# Quiz 7: Finance, Saving, and Investment

Gross investment is the total amount spent in the purchase of new capital in any given financial year. Depreciation is the fall in the value of an asset during a financial year which, then, decreases the quantity of capital. Net investment is the total change in the investment compared from its value in the beginning of the year and in the end. For the given case, gross investment is the purchase of new capital (servers) which amounts to $500,000. Depreciation is the amount of reduction in the market value of older capital (servers) which is $100,000. In this way, Net investment made during the financial year 2014 is $400,000.

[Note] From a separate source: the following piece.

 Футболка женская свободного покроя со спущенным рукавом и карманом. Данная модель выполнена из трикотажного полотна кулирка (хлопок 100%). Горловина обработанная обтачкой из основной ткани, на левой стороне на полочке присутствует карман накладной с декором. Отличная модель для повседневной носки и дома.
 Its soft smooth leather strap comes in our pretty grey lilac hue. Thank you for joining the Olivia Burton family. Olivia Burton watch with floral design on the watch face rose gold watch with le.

Value of capital at the end of the year can be computed from the value in the beginning, by adding net investment made during the year. Net investment is the total change in the investment compared from its value in the beginning of the year and in the end. This change is captured by Gross investment and Depreciation. Depreciation is the fall in the value of an asset during a financial year which, then, decreases the quantity of capital. Gross investment is the total amount spent in the purchase of new capital in any given financial year. For the given case, Investment in the beginning was $400,000. Gross investment is the purchase of new capital (servers) which amounts to $500,000. Depreciation is the amount of reduction in the market value of older capital (servers) which is $100,000. In this way, Net investment made during the financial year 2014 is $400,000. Hence, capital in end becomes $800,000.

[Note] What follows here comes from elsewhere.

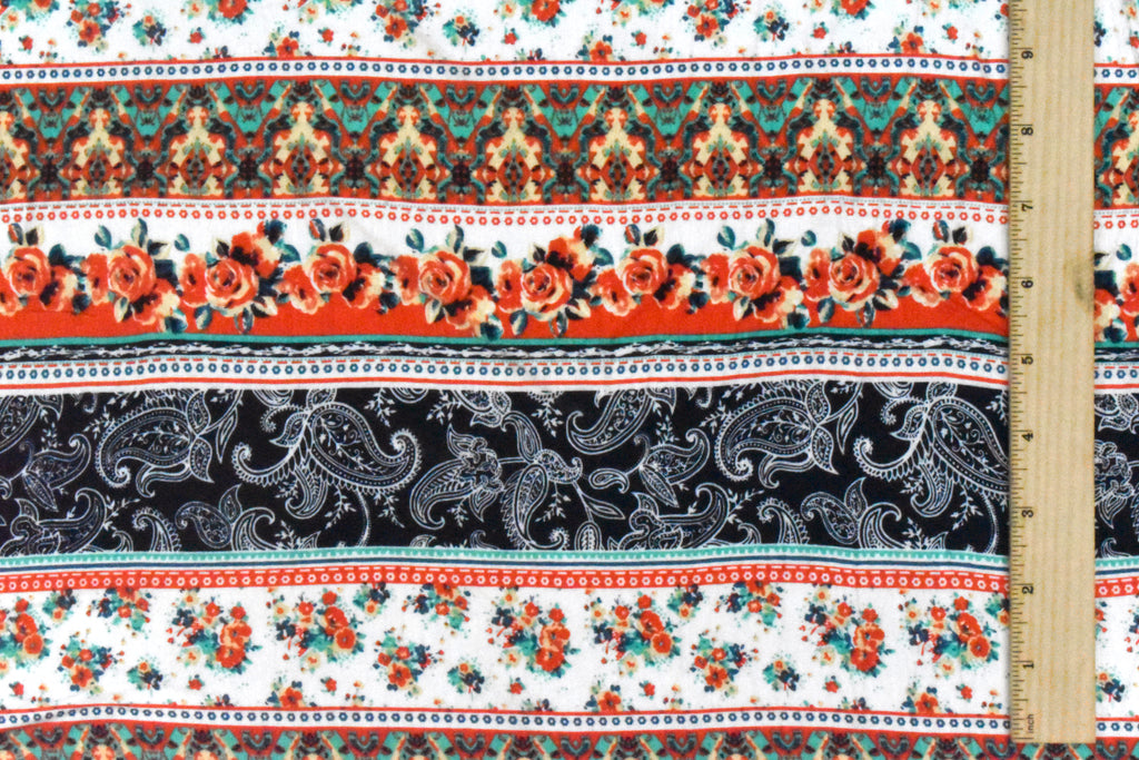 Ivory-Red-Multi Mix Pattern Stripe Printed Stretch Rayon Jersey Knit Fabric

a) Lori's saving made in the year 2014 can be calculated by taking the difference between the total disposable income and the consumption expenditure. But, first calculate Lori's total disposable income. The disposable income is the income left after paying the tax and the amount earned as interest on the savings. So, Lori's total disposable income is $20,000+$300 which makes the total disposable income as $20,300. It is given that Lori has made a consumption expenditure of $15,300. Thus, the total savings made in year 2014 is the difference between total disposable income ($20,300) and the consumption expenditure ($15,300). Thus, the total money saved in year 2014 is $5000 [$20,300-$15,300 = $5,000]. b) Lori's wealth at the end of the year 2014 is equal to the wealth in the beginning of the year 2014 and the savings made in the year 2014. In the beginning of the year 2014, Lori owned $1,000 worth of books, DVDs and golf clubs and savings of $5000. So, Lori's total wealth at the beginning of year 2014 is $6,000 [$1,000+$5,000]. The total money saved during 2014 is equal to $5,000 (calculation shown in part (a) of the solution). Lori's wealth at the end of the year 2014 is equal to the summation of the total wealth possessed in the beginning of the year 2014 and the savings made during the year 2014. Thus, the total wealth at the end of 2014 is $11,000 [$6,000+$5,000 = $11,000].